Penipuan itu terjadi di depan mata kita—sewaktu-waktu—dan kita sering kali ikut terlibat di dalamnya, berpura-pura seolah itu tidak terjadi. Kita tahu itu penipuan, tapi kita pura-pura tak tahu, begitu pula orang lain, dan orang yang sedang menjadi korban penipuan.
Penipuan itu terus berlangsung dari waktu ke waktu, semakin banyak korban yang tertipu. Dan semua orang tetap pura-pura tak tahu. Beberapa korban kadang menyadari telah tertipu, tetapi kebanyakan mereka malu mengakui. Alih-alih mengakui dan memberitahu orang lain agar tidak ikut tertipu, mereka justru berusaha agar orang-orang lain tertipu seperti mereka.

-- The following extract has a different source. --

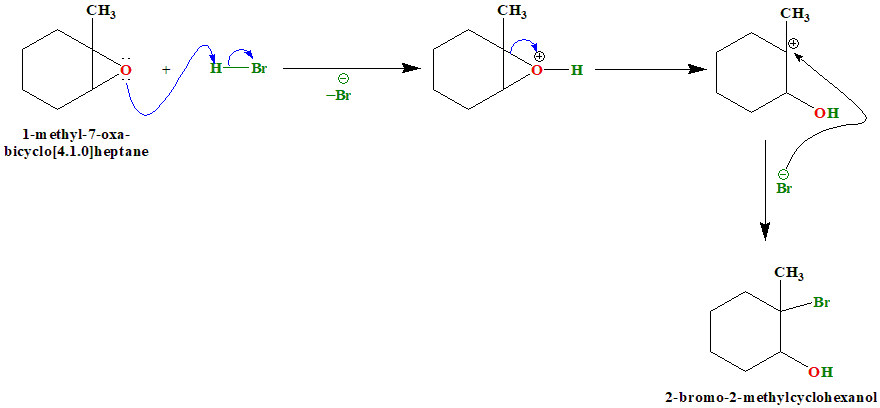 In the presence of an acid, cyclic ethers are cleaved and the nucleophile attacks at the carbon which is more substituted. Thus the reaction will be as follows: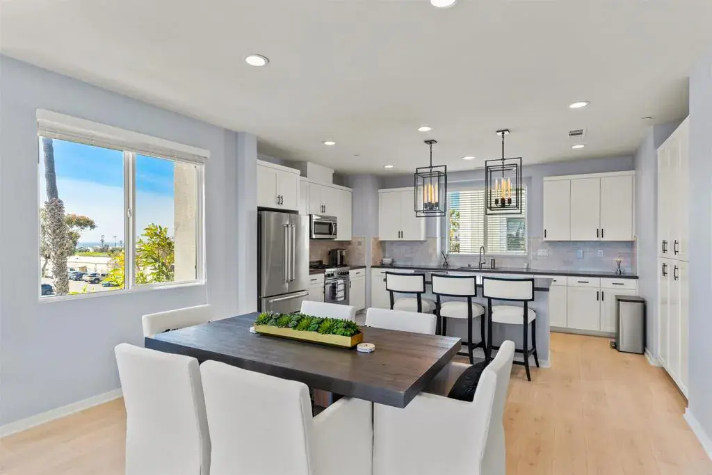 Experience the epitome of coastal luxury with this spectacular 3-bedroom, 3.5-bath townhome located west of I-5 and only a couple blocks to the beach! Situated in a coveted corner location, this property offers sweeping panoramic ocean views from its expansive rooftop deck—no need to look over other decks to take in the stunning coastline! Enjoy breathtaking sunsets as well as the surrounding mountains and city lights. Built in 2019, this home is thoughtfully designed with modern finishes and high-end upgrades. The spacious 1,951 sqft layout features a first-floor bedroom with a private full bathroom, ideal for guests or a home office. The open-concept second floor includes a gourmet kitchen with stainless steel appliances, quartz countertops, a large center island, and a sleek dining and living area that seamlessly flows onto a balcony—perfect for entertaining. The third floor boasts a luxurious primary suite with ocean views, a walk-in closet, and an impeccably upgraded en-suite bath with a large walk-in shower and double vanity. A second en-suite bedroom on the same level offers additional comfort and privacy. The highlight of this townhome is the stunning rooftop deck—complete with custom kitchen with barbecue, fire table, and ample space to host gatherings while soaking in the panoramic ocean views. Additional features include custom epoxy floor in garage, custom closets, custom garage cabinets, air conditioning, smart home controls with intercom iPads on each floor. Option to purchase completely furnished for an additional cost, so you can enjoy your new home right away!

Maka gaya hidup baru pun dimulai. Orang-orang yang telah menjadi korban penipuan berusaha menarik orang-orang lain agar tertipu seperti mereka. Bukannya memberitahu orang lain atas jebakan tipuan yang telah memerangkap mereka, orang-orang itu justru berusaha menipu orang-orang lain tentang kondisinya.
Seiring waktu, penipuan itu pun menjadi kebudayaan, dan diwariskan turun temurun. Kita adalah anak-anak hasil tipuan yang memerangkap orang-orang dari masa lalu. Dan, bisa jadi, kita pun akan terus melanjutkan perjalanan penipuan itu, dan mewariskannya kepada anak-anak kita.
....
....
Kadang-kadang aku ngeri menjadi manusia.